● PROBLEM: Write out again, word for word, the lines below from the line that holds "Beach skirt Bohemian" through the line that holds "ClimateChangeVR nutzt Handtracking", omitting pictures.

● DATA TO EXAMINE:
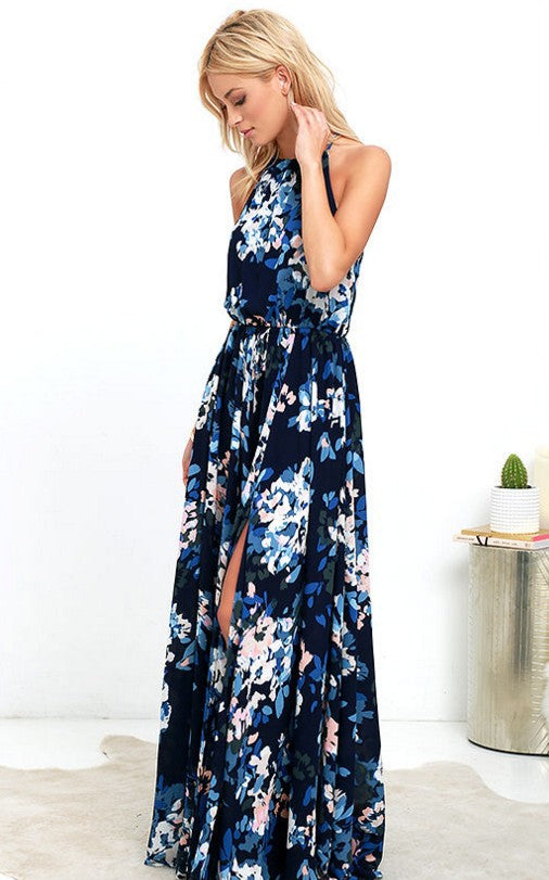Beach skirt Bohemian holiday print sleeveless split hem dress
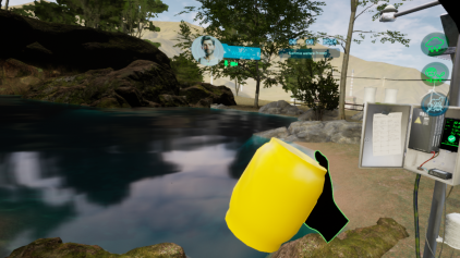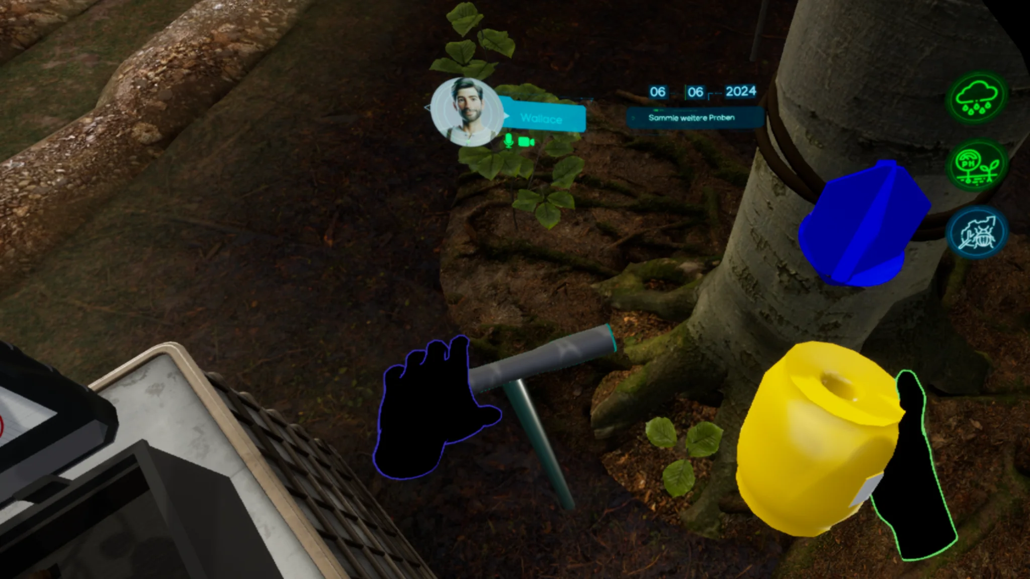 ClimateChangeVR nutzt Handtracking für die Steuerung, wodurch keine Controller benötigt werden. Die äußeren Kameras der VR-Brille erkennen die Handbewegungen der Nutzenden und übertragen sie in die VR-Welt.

==

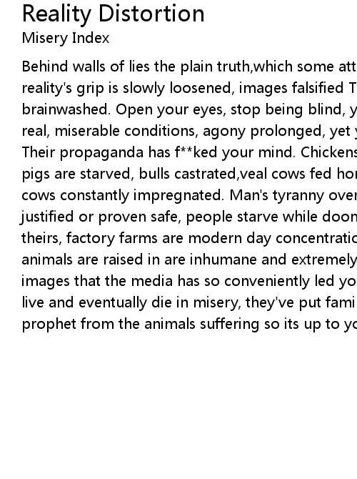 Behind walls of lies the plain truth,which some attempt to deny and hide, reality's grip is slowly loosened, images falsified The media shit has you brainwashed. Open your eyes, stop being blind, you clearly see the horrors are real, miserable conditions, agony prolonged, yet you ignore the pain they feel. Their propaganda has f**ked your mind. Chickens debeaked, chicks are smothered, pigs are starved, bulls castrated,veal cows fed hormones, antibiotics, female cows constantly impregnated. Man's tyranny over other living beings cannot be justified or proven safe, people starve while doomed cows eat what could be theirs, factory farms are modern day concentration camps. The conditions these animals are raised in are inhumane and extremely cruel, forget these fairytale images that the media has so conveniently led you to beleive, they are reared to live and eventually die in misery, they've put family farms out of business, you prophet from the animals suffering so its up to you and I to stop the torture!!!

● WRITTEN RESPONSE:
Beach skirt Bohemian holiday print sleeveless split hem dress
 ClimateChangeVR nutzt Handtracking für die Steuerung, wodurch keine Controller benötigt werden. Die äußeren Kameras der VR-Brille erkennen die Handbewegungen der Nutzenden und übertragen sie in die VR-Welt.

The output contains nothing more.